GOAL OF THE EXERCISE
When you reach the line with "elementos informativos. |", start repeating the lines exactly and keep going to the end of the records, but drop every picture.
START EXTRACTED INFORMATION
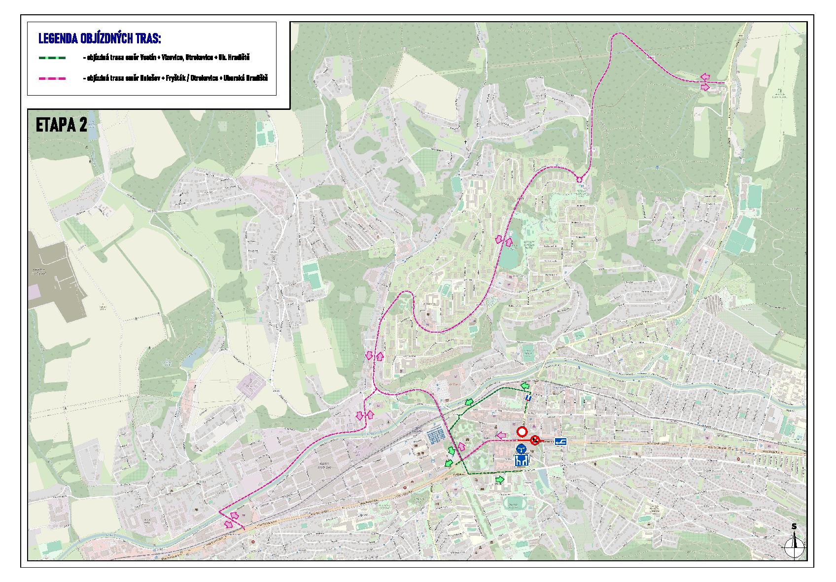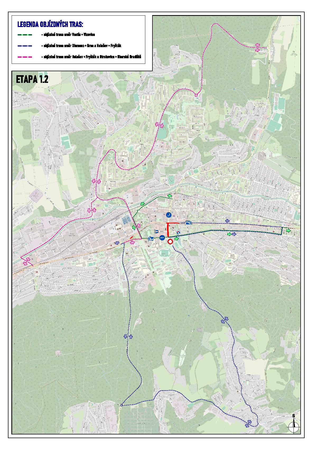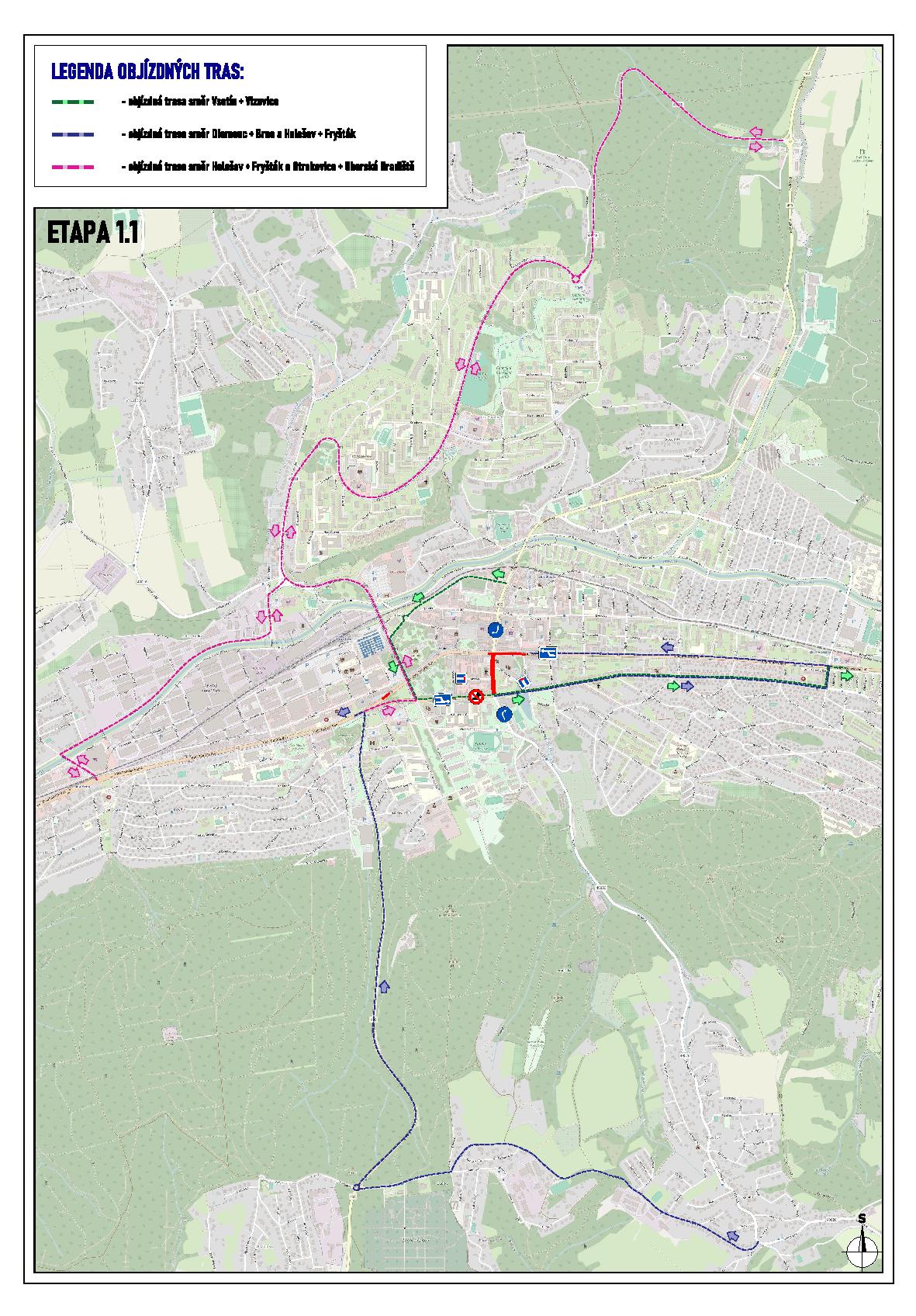 Během prvního týdne prací od 29. 6. do 4. 7. bude uzavřena ulice Osvoboditelů. Objízdná trasa povede přes hlavní křižovatku u nemocnice po třídě Tomáše Bati. Koncem této první etapy bude nutné na jeden den uzavřít také příjezd do křižovatky u kolektivního domu ve směru od Kudlova, to znamená nebude umožněno ani odbočení doprava na ulici Štefánikova (viz mapka etapa 1.2. v příloze).
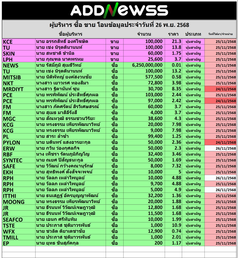 🔥🔥สรุปผู้บริหาร ซื้อ ขาย โอน 📅 วันรายงาน 26/11/2025
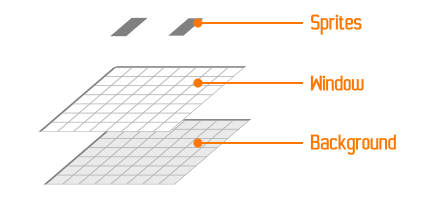 | - Background: Fondo de los niveles del juego. - Sprites: Elementos móviles como personajes o enemigos. - Window: Parte donde se muestra nformación como la puntuación, vidas y demás elementos informativos. |
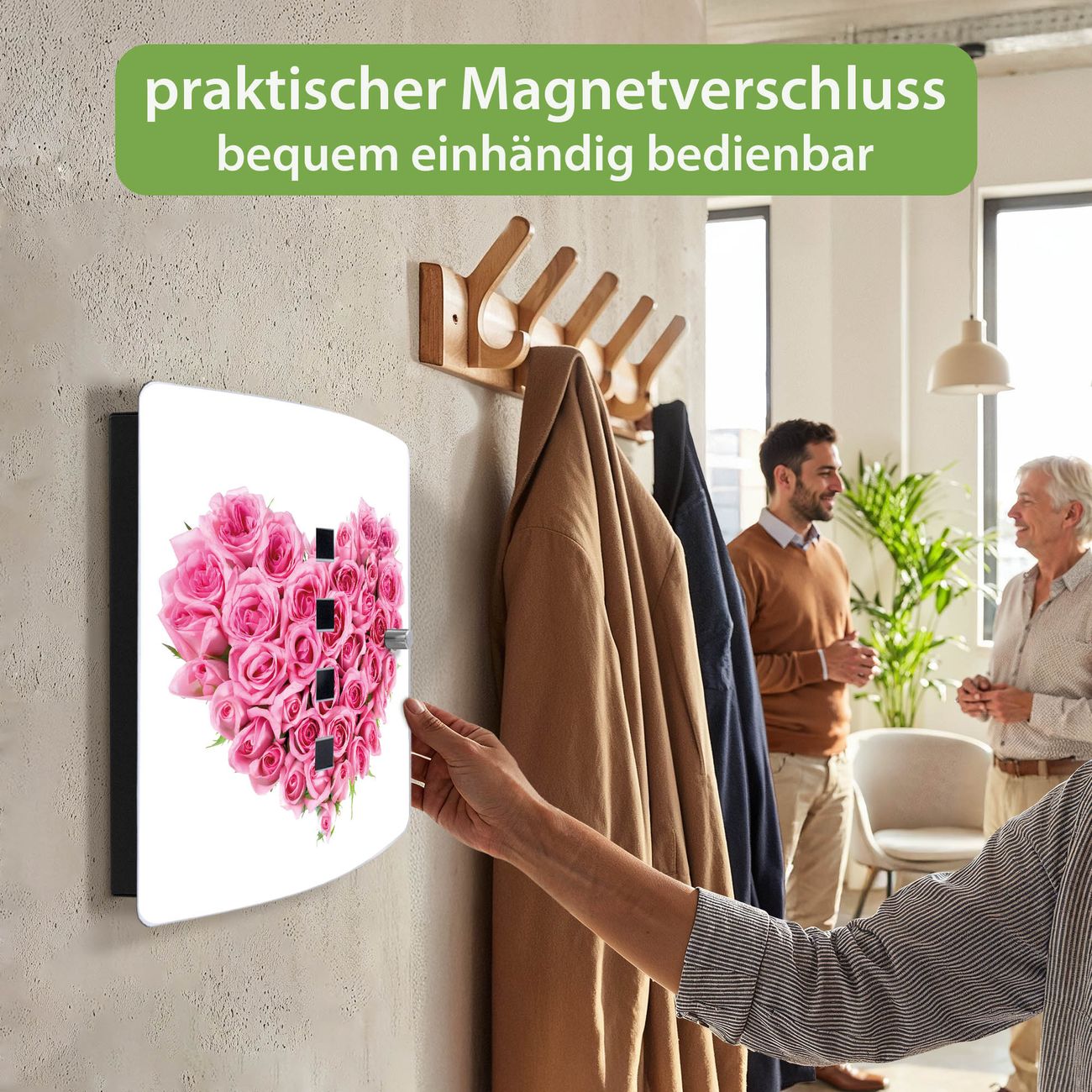 Funktion / Nutzen: Die leicht geschwungene Edelstahltür ist mit einer hochwertigen Motivfolie und dem Motiv Motiv Rosenherz kaschiert. Ein praktischer Magnetverschluss ermöglicht Ihnen ein schnelles Öffnen und Schließen. Befestigt wird der Schlüsselkasten an 2 Stellen auf der Rückseite, passendes Montagematerial fügen wir bereits bei.
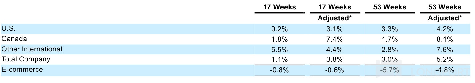 其中,美国地区同店销售额仅增长 0.2%,加拿大地区同店销售额增长 1.8%。
END EXTRACTED INFORMATION
REPLY
 | - Background: Fondo de los niveles del juego. - Sprites: Elementos móviles como personajes o enemigos. - Window: Parte donde se muestra nformación como la puntuación, vidas y demás elementos informativos. |
 Funktion / Nutzen: Die leicht geschwungene Edelstahltür ist mit einer hochwertigen Motivfolie und dem Motiv Motiv Rosenherz kaschiert. Ein praktischer Magnetverschluss ermöglicht Ihnen ein schnelles Öffnen und Schließen. Befestigt wird der Schlüsselkasten an 2 Stellen auf der Rückseite, passendes Montagematerial fügen wir bereits bei.
 其中,美国地区同店销售额仅增长 0.2%,加拿大地区同店销售额增长 1.8%。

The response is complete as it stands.